Thanks for your help so far! I tried to write my nonlcon a little bit different. Can you help me finding out why the nonlcontest does not get enough inputs?

Not enough input arguments.
Error in test>nonlcontest (line 95)
[t,X] = ode45(@(t,x) ODEs(t,x,H),tspan_ode,init_conds_odes);
Error in test>@(H,X,tspan_ode,init_conds_odes)nonlcontest(H,X) (line
13)
[H] =
fmincon(@objective,x_0,[],[],[],[],lb,ub,@(H,X,tspan_ode,init_conds_odes)
nonlcontest(H,X),options,init_conds_odes);
Error in fmincon (line 639)
        [ctmp,ceqtmp] = feval(confcn{3},X,varargin{:});
Error in test (line 13)
[H] =
fmincon(@objective,x_0,[],[],[],[],lb,ub,@(H,X,tspan_ode,init_conds_odes)
nonlcontest(H,X),options,init_conds_odes);
Caused by:
    Failure in initial nonlinear constraint function evaluation.
    FMINCON cannot continue.

e_frog 2020-12-20

编辑：e_frog 2020-12-20

I cant rewrite it as a boundary value problem, because the initial conditions of the odes [pos(1) vel (1) pos(2) vel(2)] (figuratively) must be met.
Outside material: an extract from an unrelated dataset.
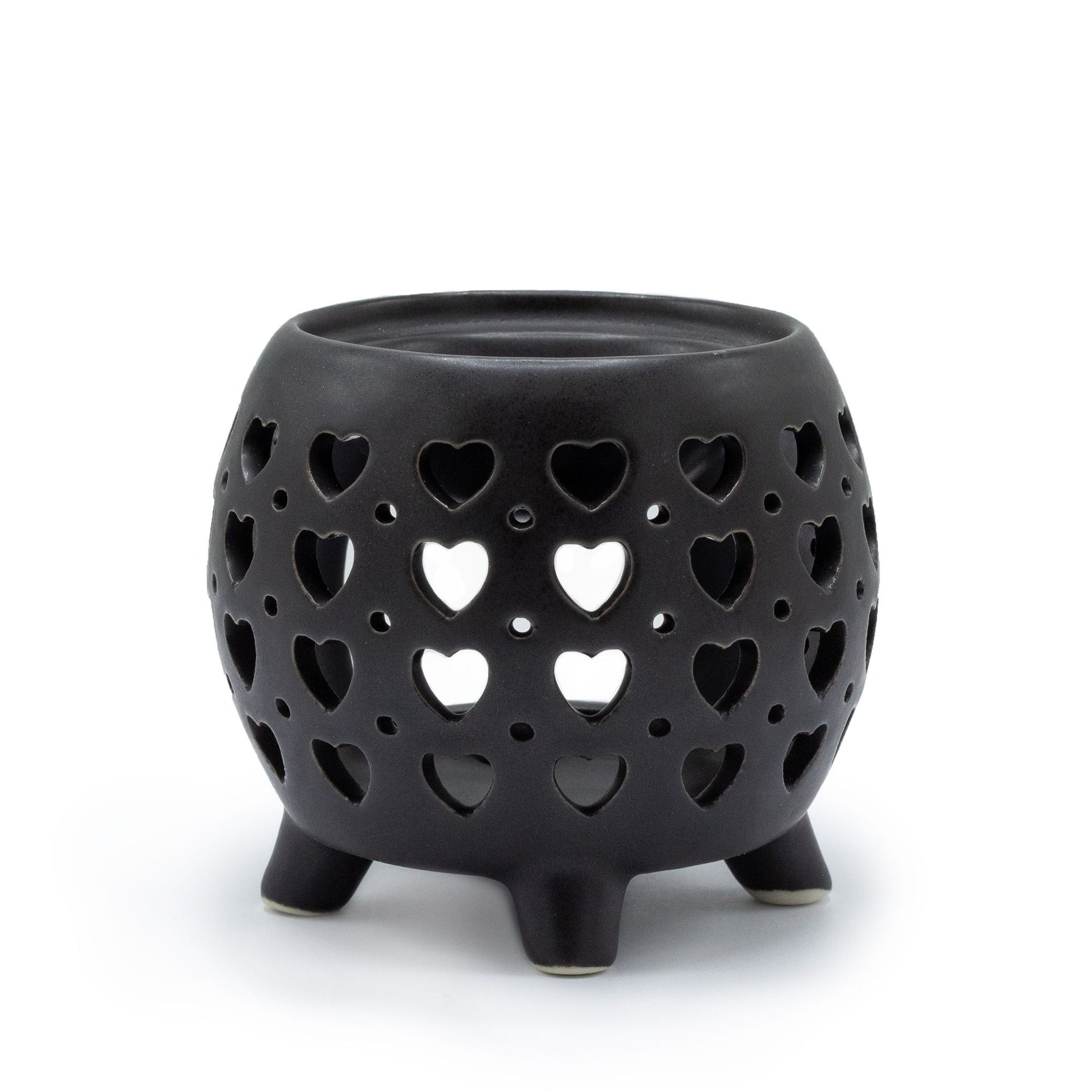 Squat Pot Oil Burner Multi Hearts - Matt Black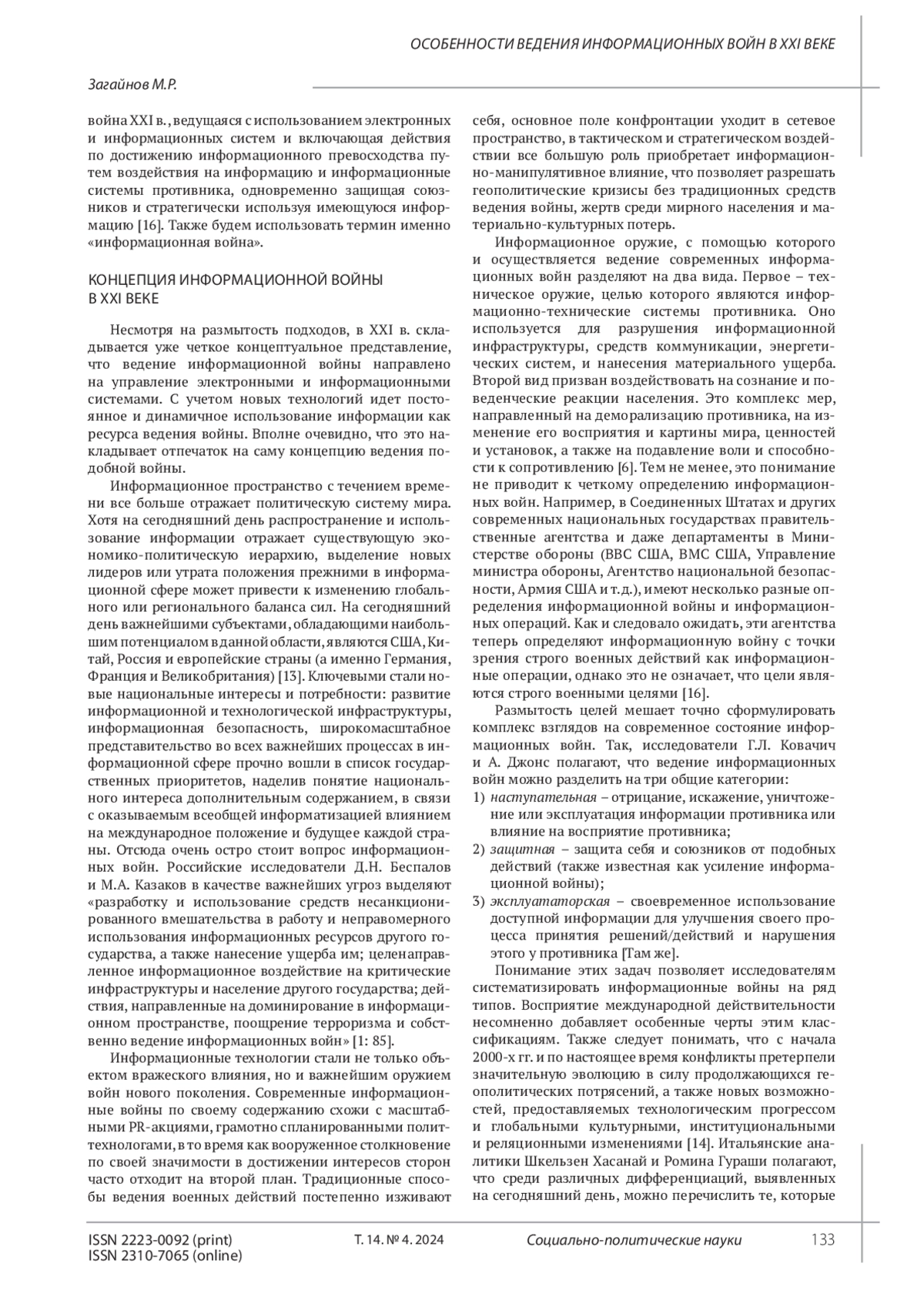 Bespalov D.N., Kazakov M.A. Information warfare and security. Bulletin of MGIMO University. 2014. No. 6. Pp. 82-87. (In Rus.). EDN: TFANIJ

I tried rewriting my new question from this comment. Perhaps you find the time to help me again. I would really much appreciate it!

Rewritten new question

Walter Roberson 2020-12-20

If those initial conditions must be met, then specify them as part of the boundaries.

Remember that if needed you can add an extra variable to act as an extra layer of differentiation or an extra layer of integration (as needed) in order to be able to put boundary conditions on derivatives or positions.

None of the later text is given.